Authors: Francesca Lake
Ovarian and uterine cancers are difficult to treat owing to the way cancer cells spread in the peritoneal region. Epothilone B has proven effective in clinical trials targeting otherwise resistant tumor cells; however, its high toxicity has hampered its clinical progression.
A team of researchers from the Yale Cancer Center (CT, USA) sought to solve this sticky situation by encapsulating the drug in a nanoparticle able to gradually release the drug at high concentrations at the target site, reducing off-target toxicity. However, conventional nanoparticles are not suited to this task as they are cleared from the target region too rapidly via lymphatic drainage.
The group tackled this issue by covering the nanoparticles with aldehyde groups. When injected into the peritoneum, these adhered to mesothelial cells in the abdominal cavity.
Testing the nanoparticles on mice with chemotherapy-resistant uterine serous carcinoma-derived xenografts, the bioadhesive nanoparticles remained in place for a minimum of 24 hours. By comparison, standard nanoparticles were cleared from the abdominal cavity after 5 minutes. Mice receiving treatment with the sticky nanoparticles went on to survive longer than those in the control group.

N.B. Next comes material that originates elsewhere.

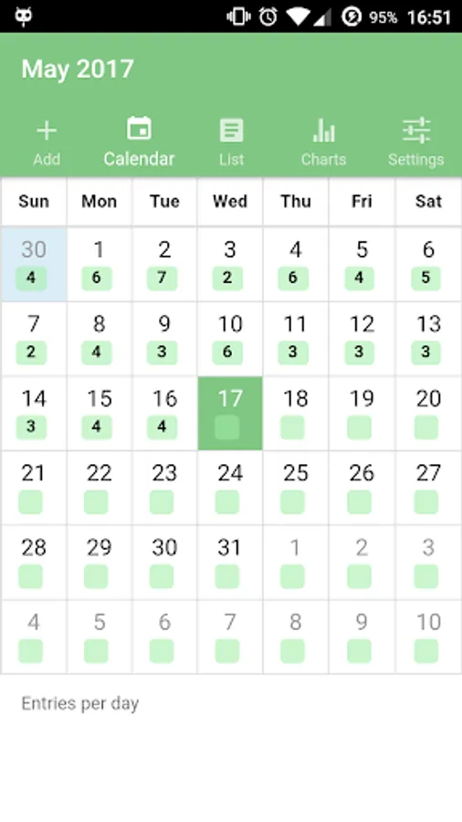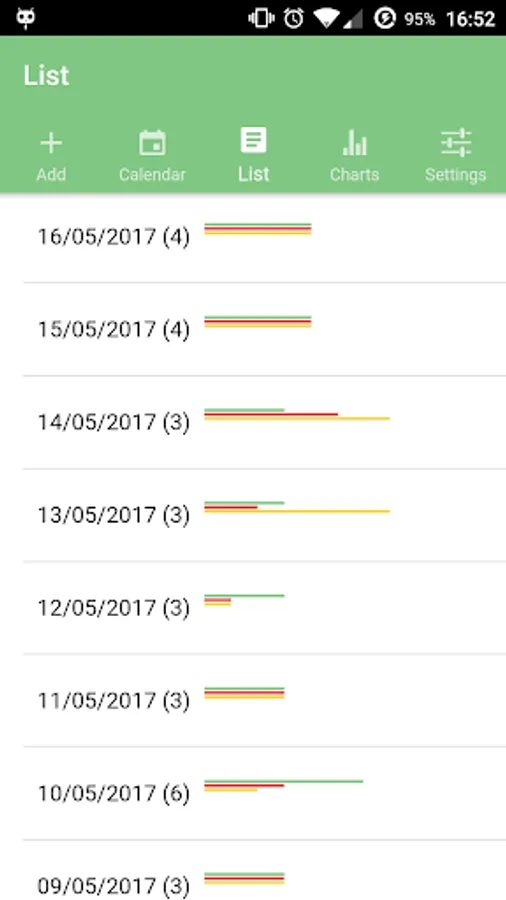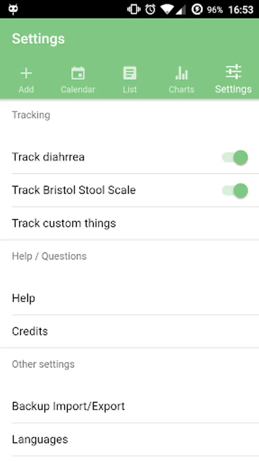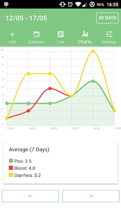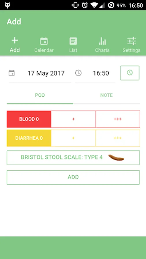 You can easily add new entries and see a chart of all your bowel movements over time. (All the data stays on your device so you keep control over them)

The researchers hope this treatment could eventually be particularly beneficial for late-stage gynecological cancer patients. “They’ve been treated with surgery and chemotherapy and are now resistant to any standard treatment, and we’ve shown that this agent can be effective,” explained Alessandro Santin, one of the study leaders.
The group now hopes to fine-tune the nanoparticles, adjusting their adhesiveness and the speed that the drug is released at the target site.
Sources: Deng Y, Yang F, Cocco E et al. Improved i.p. drug delivery with bioadhesive nanoparticles. Proc. Natl Acad. Sci. USA doi:10.1073/pnas.1523141113 (2016) (Epub ahead of print); Yale Cancer Center press release: Fighting cancer with sticky nanoparticles.